Os comerciantes de rua estão “prontos” para o período mais intenso do Natal e não antecipam problemas de maior, mesmo tendo em conta todas as “limitações”, garante Lurdes Fonseca, presidente da União de Associações de Comércio e Serviços (Zona de Lisboa), em declarações à Renascença. “Nas lojas de rua, as pessoas não ficam muito tempo à espera. Se estiverem cheias, não entram”, explica.
Para o setor, o último mês do ano de 2020 será particularmente importante. Aproxima-se um período essencial para fazer face às quebras de vendas. “Penso que neste último trimestre todos os comerciantes estão preparados para corresponder à procura, sobretudo com as limitações que existem: o número de pessoas por loja, etc”; diz.
Portugal não é um destino de passagem de ano por excelência ao nível europeu, mas, para o Algarve, a data é sempre um momento forte para a indústria hoteleira e restaurantes. São principalmente os cidadãos nacionais e espanhóis que procuram a região nesses dias.
“Se o estado de emergência for revertido, a realidade é uma. Se existir a realização de eventos, há outra possibilidade de procura. Se a deslocação entre concelhos não for impedida, há natural procura mesmo sem os eventos. Se a atividade dos hotéis, restaurantes, animação turística não for condicionada, se todos estes ingredientes estiverem disponíveis, há uma realidade, se não estiverem a realidade é outra”, diz João Fernandes, presidente da Região do Turismo do Algarve, em declarações à Renascença.
Elidérico Viegas, presidente da Associação dos Hotéis e Empreendimentos Turísticos do Algarve (AHETA), traça um possível cenário otimista. “Os turistas nacionais este ano têm viajado muito menos ou quase nada para o exterior. E isso tem feito com que o aumento da procura dos portugueses pelo Algarve tenha aumentado comparativamente ao ano anterior. E aumentou de forma exponencial.”
“Os portugueses têm vindo a aumentar progressivamente na região, mesmo nas circunstâncias atuais, num ano verdadeiramente atípico. Portanto, o que se espera, é que isso também possa ocorrer na passagem de ano”, sublinha.
O dirigente da AHETA garante que os hotéis, caso lhes seja permitido organizar eventos de passagem de ano, não terão dificuldades em lidar com a situação, “atendendo que, por experiência própria, desde que reabriram em junho/julho adotaram planos de contingência, manuais de boas práticas e não se conhecem situações de infeções em empreendimentos turísticos”.
O réveillon será condicionado pela pandemia. Em entrevista ao "Observador" na terça-feira, o primeiro-ministro já garantiu que não irão haver as habituais festas de Passagem de Ano.
"Vamos todos fazer um esforço para que possamos ter um Natal nas melhores condições. Mas há outra coisa que posso antecipar desde já: a Passagem de Ano vai ter todas as restrições porque aí não pode haver qualquer tipo de tolerância. A limitação de circulação pode não ser às 23h e ser à 1h, mas daqui não passaremos e não haverá seguramente festas de Passagem de Ano.

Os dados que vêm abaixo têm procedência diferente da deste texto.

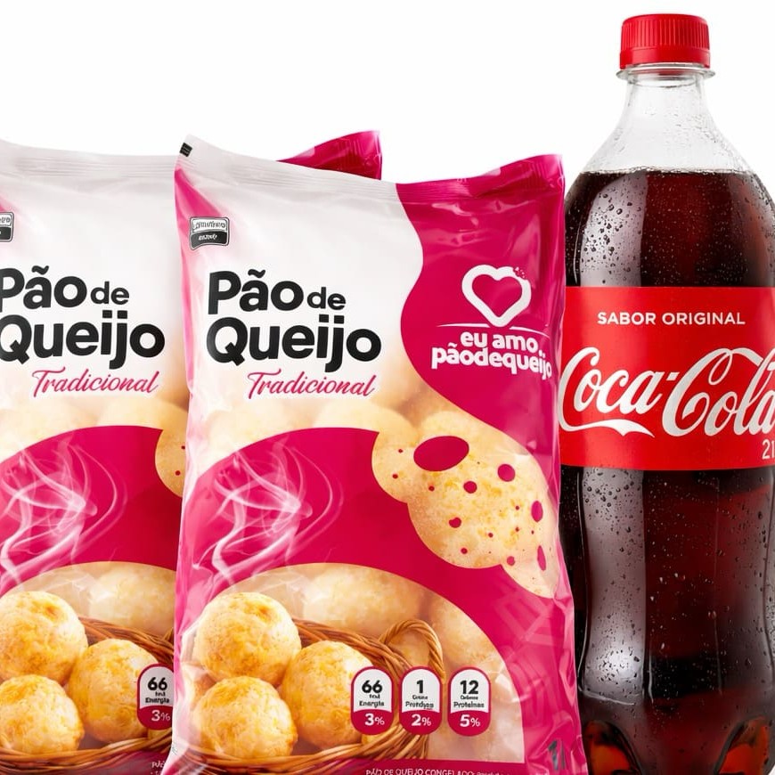 2 pacotes de Pão de Queijo (1kg cada) + 1 Coca Cola 2l

Isso seguramente não", disse.
Quando bater a meia-noite, talvez todos os portugueses possam guardar uma das doze passas para pedir um 2021 livre de pandemia.
Os tradicionais concertos de ano novo no Terreiro do Paço, em Lisboa, ou na Avenida dos Aliados, no Porto, são, por regra, contratualizados com meses de antecedência. Este ano, não vão ocorrer.

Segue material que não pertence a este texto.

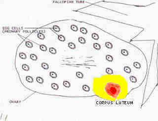 A very important change is taking place in the ovary. A new structure is developing from the remains of the follicle which released the egg cell. This new structure is called a CORPUS LUTEUM (Latin meaning yellow body). The corpus luteum is the only structure which produces the hormone progesterone in significant quantities.

Segundo Ricardo Valente, vereador da Cultura da Câmara Municipal do Porto, qualquer decisão sobre este tema “terá de vir do Governo”. O município, contudo, já anunciou que não irá instalar a habitual árvore de Natal nos Aliados, para evitar “aglomeração de pessoas”. Também não existirá fogo de artifício ou concertos na noite de réveillon.
A Renascença contactou a Empresa de Gestão de Equipamentos e Animação Cultural (EGEAC) sobre os planos da autarquia de Lisboa para as celebrações de ano novo, mas não obteve resposta em tempo útil.